Isn't that a good thing? The best code is the one you don't have to
write. Down with bureaucracy. Creating objects just to keep track of
memory dependencies is... inane?
which in turn leads to
a more imperative style of programming, rather than a more modular style.

Imperative programming and modular programming are orthogonal concepts.
 
M

Matthias Buelow

zr said:
How can GC improve the performance of a multithreaded application? Can
you show a convincing example?

Many of today's programs (OO or not) have a high
allocation(/deallocation) rate. This means that most objects become
garbage quickly. With many GCs, their collection time is a function of
the amount of live data, that is, they don't have to traverse the
garbage at all. This means in total, in such a situation, there's less
work to do than in a manual deallocation scheme, where all the garbage
is being traversed aswell.
I don't know if multithreading is any factor here; with manual schemes,
you have to do synchronization, too.
 
Z

zr

Many of today's programs (OO or not) have a high
allocation(/deallocation) rate. This means that most objects become
garbage quickly. With many GCs, their collection time is a function of
the amount of live data, that is, they don't have to traverse the
garbage at all. This means in total, in such a situation, there's less
work to do than in a manual deallocation scheme, where all the garbage
is being traversed aswell.
I don't know if multithreading is any factor here; with manual schemes,
you have to do synchronization, too.

But even if in these (rare/common) cases where GC can improve
performance over manual deallocation, isn't there a better solution
which would give better performance than GC? Is performance a real
consideration for adding GC to the language?
 
M

Matthias Buelow

zr said:
But even if in these (rare/common) cases where GC can improve
performance over manual deallocation, isn't there a better solution
which would give better performance than GC? Is performance a real
consideration for adding GC to the language?

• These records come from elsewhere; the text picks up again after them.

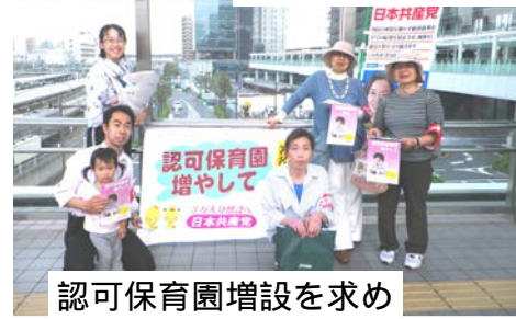
認可保育園増設を求め署名活動（2013/5）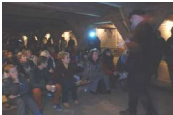
„Cienie zapomnianych kultur 2015” w Kołbaczu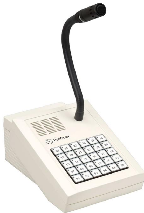
Abb. DTA-030 (L- Nr. 1.030)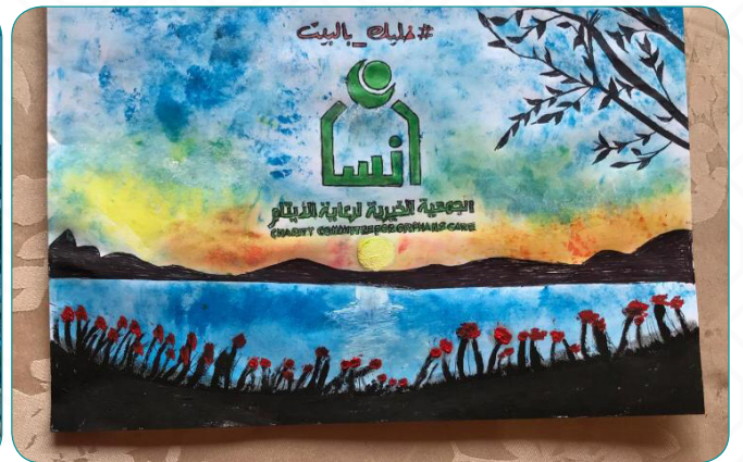
جانب من تصفيات مسابقة الرسم.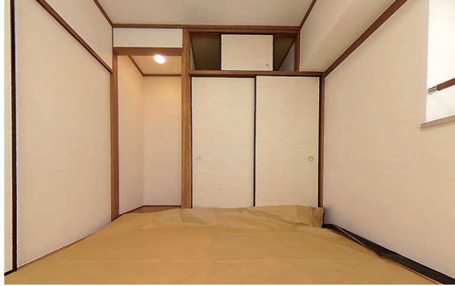
和室は角部屋で明るく、落ち着いた雰囲気です。

No, convenience is. If it increases performance, all the better.
 
A

anon

Chris said:
Humm.. Can you give an example or two of a scenario in which a GC is
absolutely required/necessary? For some reason, I can't seem to think of
one off the top of my head. What am I missing? Perhaps I misunderstand
your use of the word "necessary"...

1) without gc

class A
{
};

A* foo()
{
A *a = NULL;
A *b = NULL;

a = new A;
try
{
b = new A;
}
catch(...)
{
delete(a);
}

// do something

return a;
}

2) with GC
class A
{
};

A* foo()
{
std::auto_ptr< A > a( new A );
std::auto_ptr< A > b( new A );

// do something

return a.release();
}


Would this do?


Another example:

class X
{
public:
X()
{
throw 1111;
}
};

class A
{
public:
A() : a( new int ), b( new X )
{
}
// memory leak when b throws

int *a;
X *b;
};

vs

class A
{
public:
A() : a( new int ), b( new X )
{
}
// OK

std::auto_ptr< int > a;
std::auto_ptr< X > b;
};
 
C

Chris M. Thomasson

Matthias Buelow said:
Yes, GC does not correct any bugs, you're right about that ;). However,
there are many situations where having to do manual deallocation is just
additional work without any benefit. For example, if you're doing a lot
of tree handling, building trees, throwing them away again etc., you
don't really want to traverse the tree to free all the elements if you
throw it away. Much more convenient to simply "forget" the pointer to
the tree and let automatic memory management wipe it up.

I would build a node cache for the trees; why free the memory when you can
reuse some of it? You can do this in a GC environment, but it requires you
to traverse a "portion" of the tree.

Also, why not use a __partitioned__ region allocation algorithm for the
nodes in different trees? That way, a single call to `std::free()' will
promptly destroy all the memory which makes up a given trees nodes in a
single operation. AFAICT, that's more efficient than a GC. Region allocation
is not complicated and drastically amortizes the number of times you need to
call free.

Generally, I find that "clever" __partitioned__ region allocation can give
you the best of both worlds... You get deterministic manual memory
management, and the calls to free get heavily amortized.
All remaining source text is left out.